Broadband Internet access is an incredibly useful thing to have, but at the same time it’s a complex technological feat, and troubleshooting problems can prove painful. The fact that most ISPs’ tech support ranges from “incompetent” to “someone who has never seen a computer before in their life” doesn’t help things. As such, it’s important to be able to do as much of your own tech support as possible. These helpful troubleshooting tips for broadband Internet problems should come in useful in pursuit of that goal.
Most operating systems contain network diagnostic tools
Clearly identify the problem: It’s useless to know nothing more than that “something’s wrong, pages won’t load.” Most operating systems contain network diagnostic tools; use those first. You can’t connect to the DNS server but you can ping specific remote IPs, that’s something that narrows the potential situations down by a mammoth degree right there. If you can get online but are having difficulty with speeds, try using a service like speedtest.net to compare the speeds you’re getting to those advertised by your ISP; Specific site is the problem, you can use isup.me to determine if the problem is on your end or theirs. After all- if a site’s gone down due to hardware issues on the server end of things, no amount of troubleshooting on your end will fix that.
Available bandwidth at high usage times
Make sure this is a problem with your equipment: If your speeds are bad, it’s possible that your ISP has some manner of peak usage throttling system in place, which cuts available bandwidth at high usage times to prevent the load on their high speed internet infrastructure from being too great. Alternatively, if these speeds only apply to a specific task, it could be that there’s throttling imposed on a specific protocol. Many ISPs throttle BitTorrent traffic, for example. Either way, this isn’t a problem it’s in your power to solve. If you can’t reach DNS, try using an alternative DNS server like Google Public DNS to make sure that your ISP’s DNS server isn’t the problem.
Check other devices in the house: If you’re having connection issues with one device, it could be an issue with your network, or it could be an issue with that device.

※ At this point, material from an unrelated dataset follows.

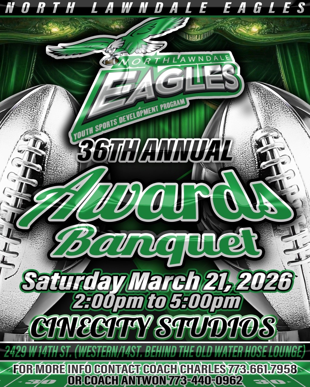 The Riot Fest Foundation is proud to support the North Lawndale Eagles as they celebrate their 36th season at the Annual Awards Banquet on March 21, 2026.
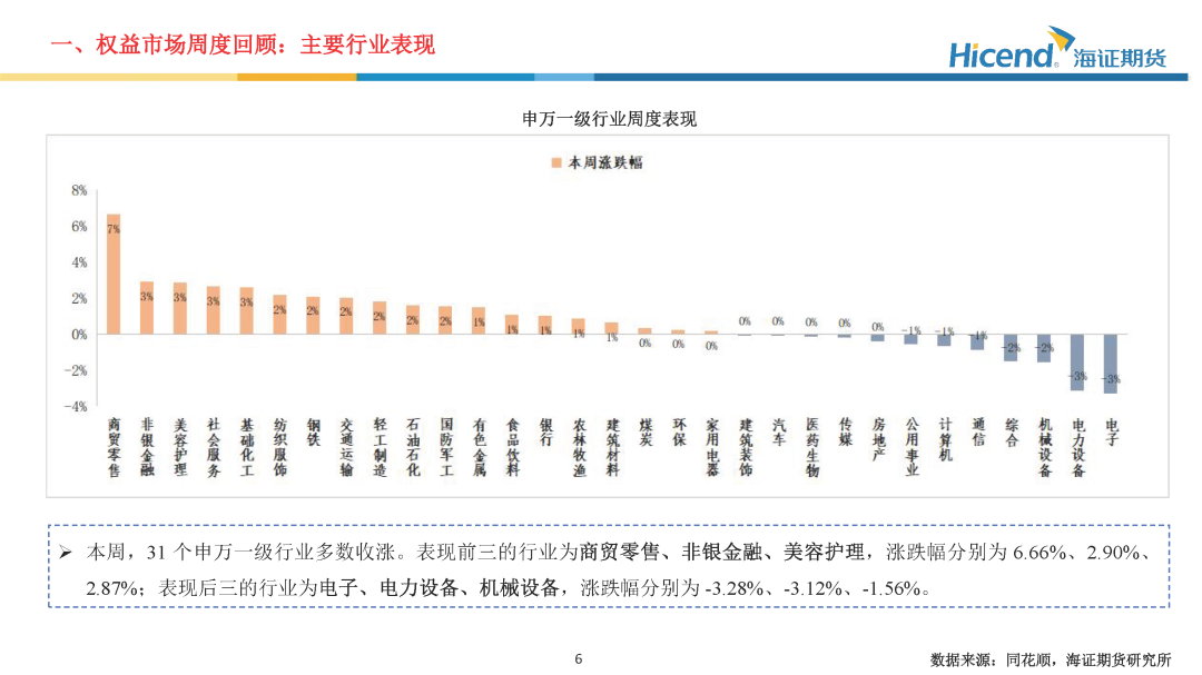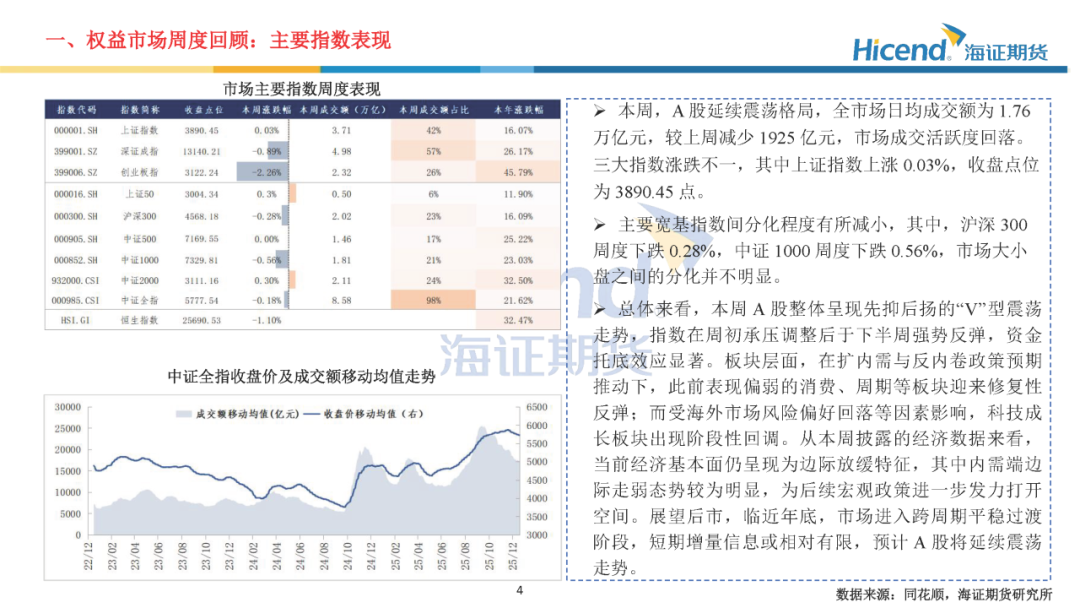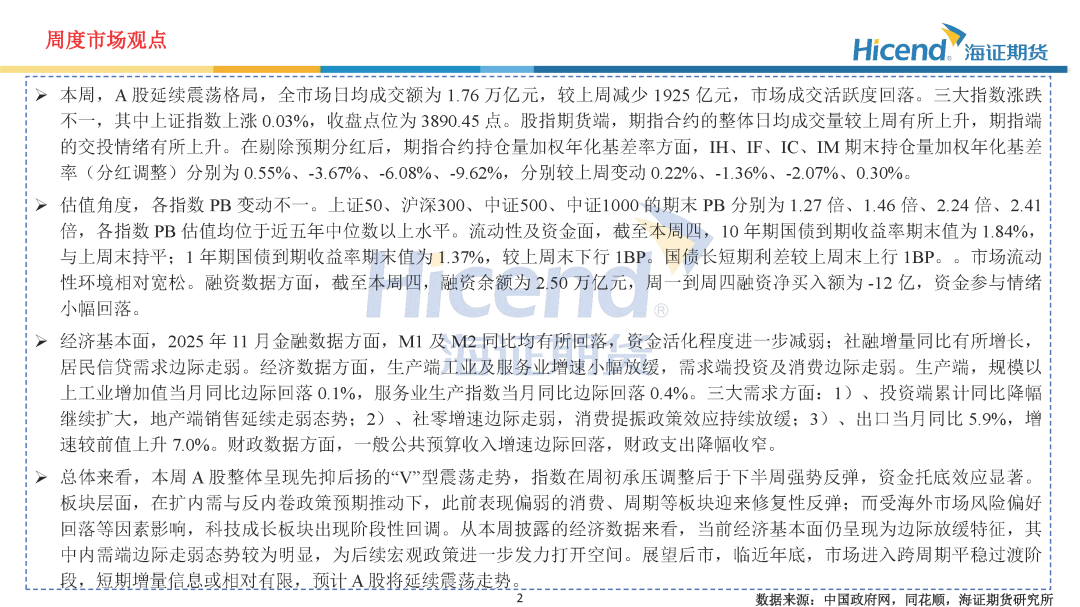 总体来看,本周A股整体呈现先抑后扬的“V”型震荡走势,指数在周初承压调整后于下半周强势反弹,资金托底效应显著。板块层面,在扩内需与反内卷政策预期推动下,此前表现偏弱的消费、周期等板块迎来修复性反弹;而受海外市场风险偏好回落等因素影响,科技成长板块出现阶段性回调。从本周披露的经济数据来看,当前经济基本面仍呈现为边际放缓特征,其中内需端边际走弱态势较为明显,为后续宏观政策进一步发力打开空间。展望后市,临近年底,市场进入跨周期平稳过渡阶段,短期增量信息或相对有限,预计A股将延续震荡走势。

Try other things- if your laptop can’t connect to anything, try seeing if a gaming console is in the same boat. If all your hardware has the same problem, the issue is likely with the modem or the router, and not with your high speed internet; if it’s specific to a single piece of hardware, the problem can probably be solved with that hardware. Sometimes equipment will encounter an unusual situation and won’t cope properly with it- nothing’s perfect. Many networking issues can be fixed even without a great deal of technical knowledge by simply power-cycling the problem piece of hardware.
These are very, very general tips, but by keeping them in mind you can solve a majority of the fairly simple issues you’re likely to encounter with your broadband high speed internet connection. Even in far more complex issues, the single most important part of solving a problem is finding out what the problem actually is.